The Frank And Walters. Remember them? If so, you may remember that they were supported live by Suede and Radiohead and, as recently as a year ago, The Dum Dums, those bastions of pretty boys angst.
The Franks, as they are colloquially known, hail from Cork. They are songwriters Paul Linehan (vocals, bass, keyboards) and Ashley Keating (drums, percussion), with Paul’s brother Niall on guitar-strumming duties. With Glass, their fourth album, The Franks should be big stars. It is a pity that they aren’t, for they deserve to be.
For an example of why this is, check out track 1 on Glass, called Underground. Produced by PJ Harvey‘s old producer Flood (also noted for The Smashing Pumpkins‘ Mellon Collie and the Infinite Sadness), this is an analogue stomp of a single that would easily launch a band into the top 20.
There is at it’s heart a pulsating good nature, a warm, friendly person who wants the listener to have a good time and to sing along. The rest of the album, produced by relative youngster Rob Kirwan (his second Franks album, following on from last year’s Beauty Becomes More Than Life) contains tracks that are not so immediately screaming “SINGLE” as Underground, but with each passing listen reveal just a little more greatness.

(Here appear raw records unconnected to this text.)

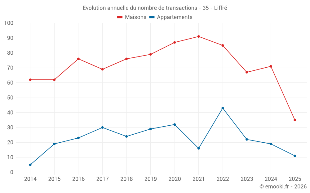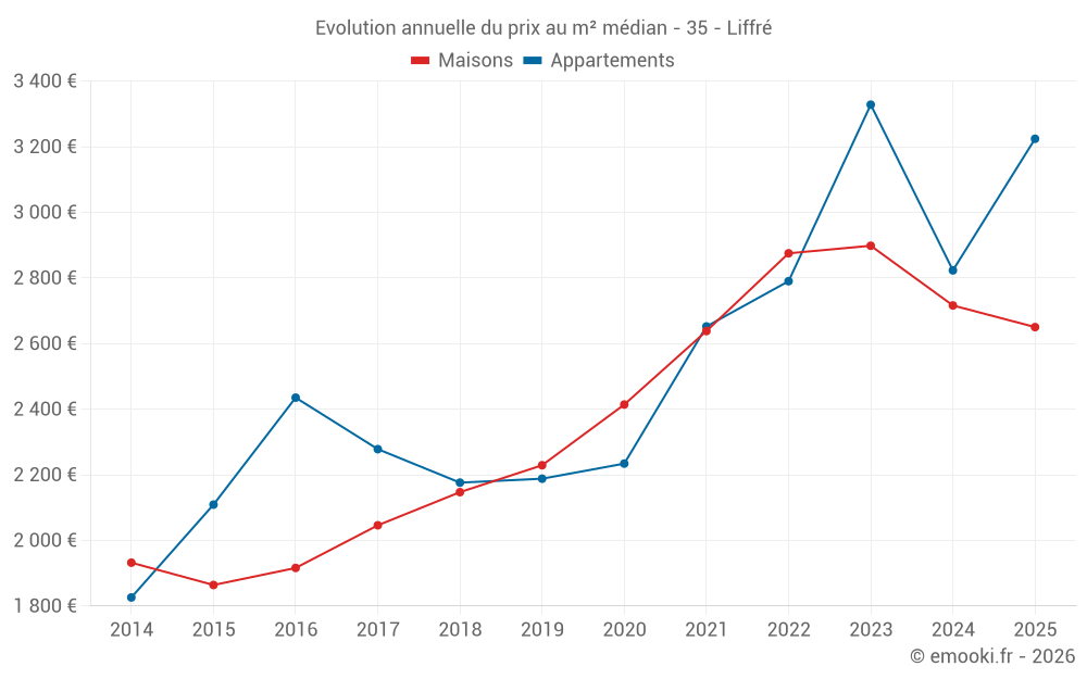 Le prix médian sur les 35 transactions de maisons des 6 derniers mois dans la commune de Liffré était de 2 650 € par mètre carré pour une valeur foncière médiane de 308 370 €. Sur cette période 60% des transactions se sont situées entre 2 418 et 3 250 € par mètre carré (du 2ème au 8ème déciles).
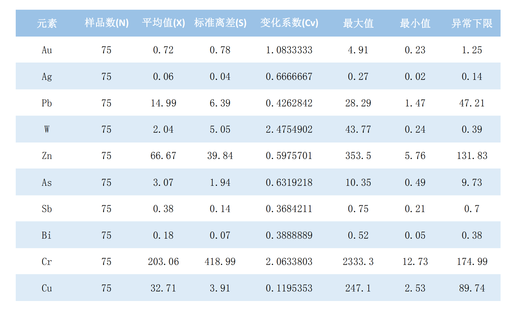 (1)中等起伏型(0.3﹤CV﹤0.6):有Pb、Zn、Bi、Cu,在区域分布中含量起伏略大,数据仍以正态或近似正态分布,局部有一定的后期改造作用。
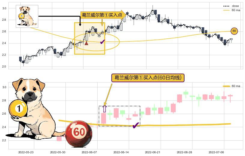 形态多维评估: ⚀ 2022-06-08-日显现 葛兰威尔均线 60日均线 第买①入点 走势反转见底信号,后市看涨,买进信号
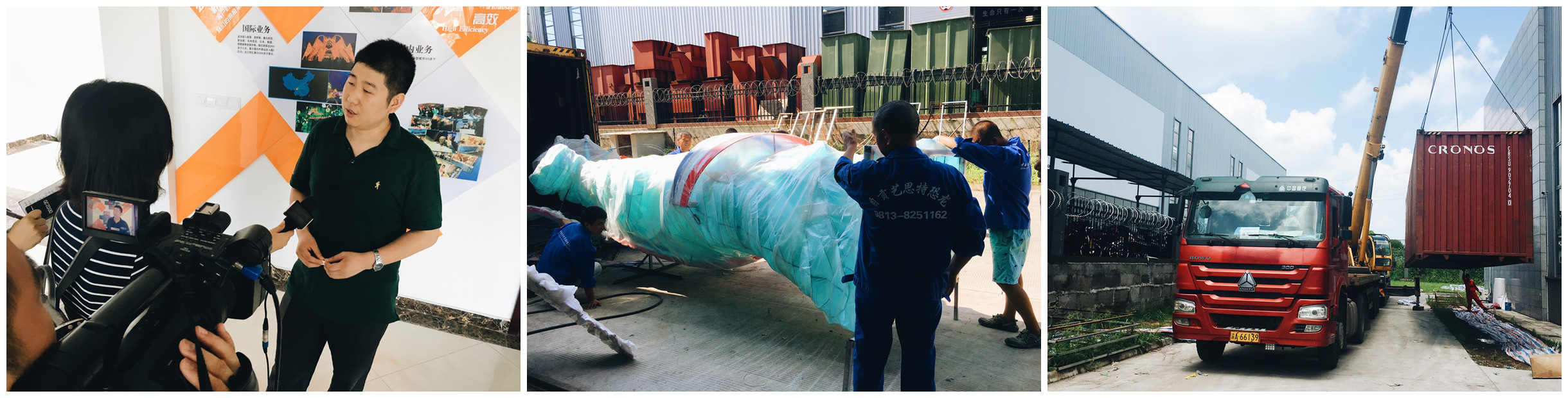 (自貢電視臺記者對自貢市燈貿(mào)集團(tuán)股份有限公司國韻公司總經(jīng)理李斌進(jìn)行采訪) (工作人員對彩燈進(jìn)行裝箱) (運(yùn)輸車正在裝載集裝箱)
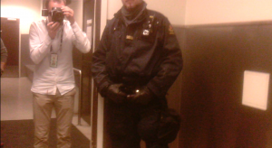 Ved avsluttet arrangement kom en høflig, voksen dame fra vaktmannskapet frem mot oss. Hun ba oss forlate stedet. Vakten sa at hun ikke kunne stagge voldskommunistene, og ba oss gå av hensyn til vår egen sikkerhet. All ære til henne for anstendig opptreden. Annen ære var ikke å spore i hordene av antirasister.
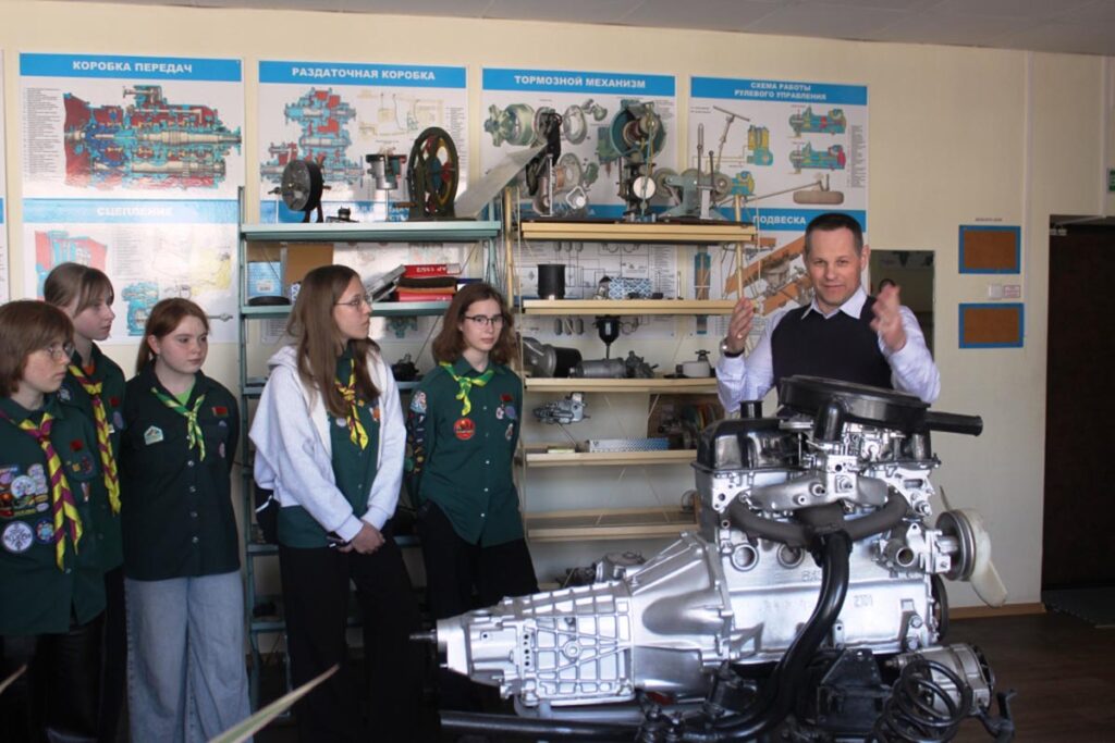 Председатель совета ГОС ДОСААФ Сергей Николаевич Шкутько, рассказал девчонкам, об истории школы, количестве подготовленных водителей для Вооруженных Сил и силового блока и народного хозяйства нашей страны. Ребята познакомились с системой обучения в автошколе, посетили действующую лабораторию по изучению узлов и механизмов автомобиля и принципах их ремонта.
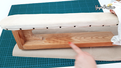 Empezamos por quitar el forro, y lijar toda la madera. Yo usaré una lija de grano 280 que es muy finita y no dejará grandes marcas en la madera. Después de lijar vamos a sacudir el polvillo con un trapo y limpiaremos la base textil de la mesita.

Isn’t It Time is rather pleasant and upbeat too, while 6 Becomes 9 ought to get tour crowds rocking. There are few dud tracks on this album, which is a state of affairs into which we’ve been spoiled by The Franks, with only I Will Be King outstaying it’s welcome.
If you do get to hear The Frank And Walters playing near you or if you buy Glass, you’re simply being offered some heartfelt music with inventive arrangements by three of the most genuine and warm guys in music. Give them a listen. You may even like them more than Suede.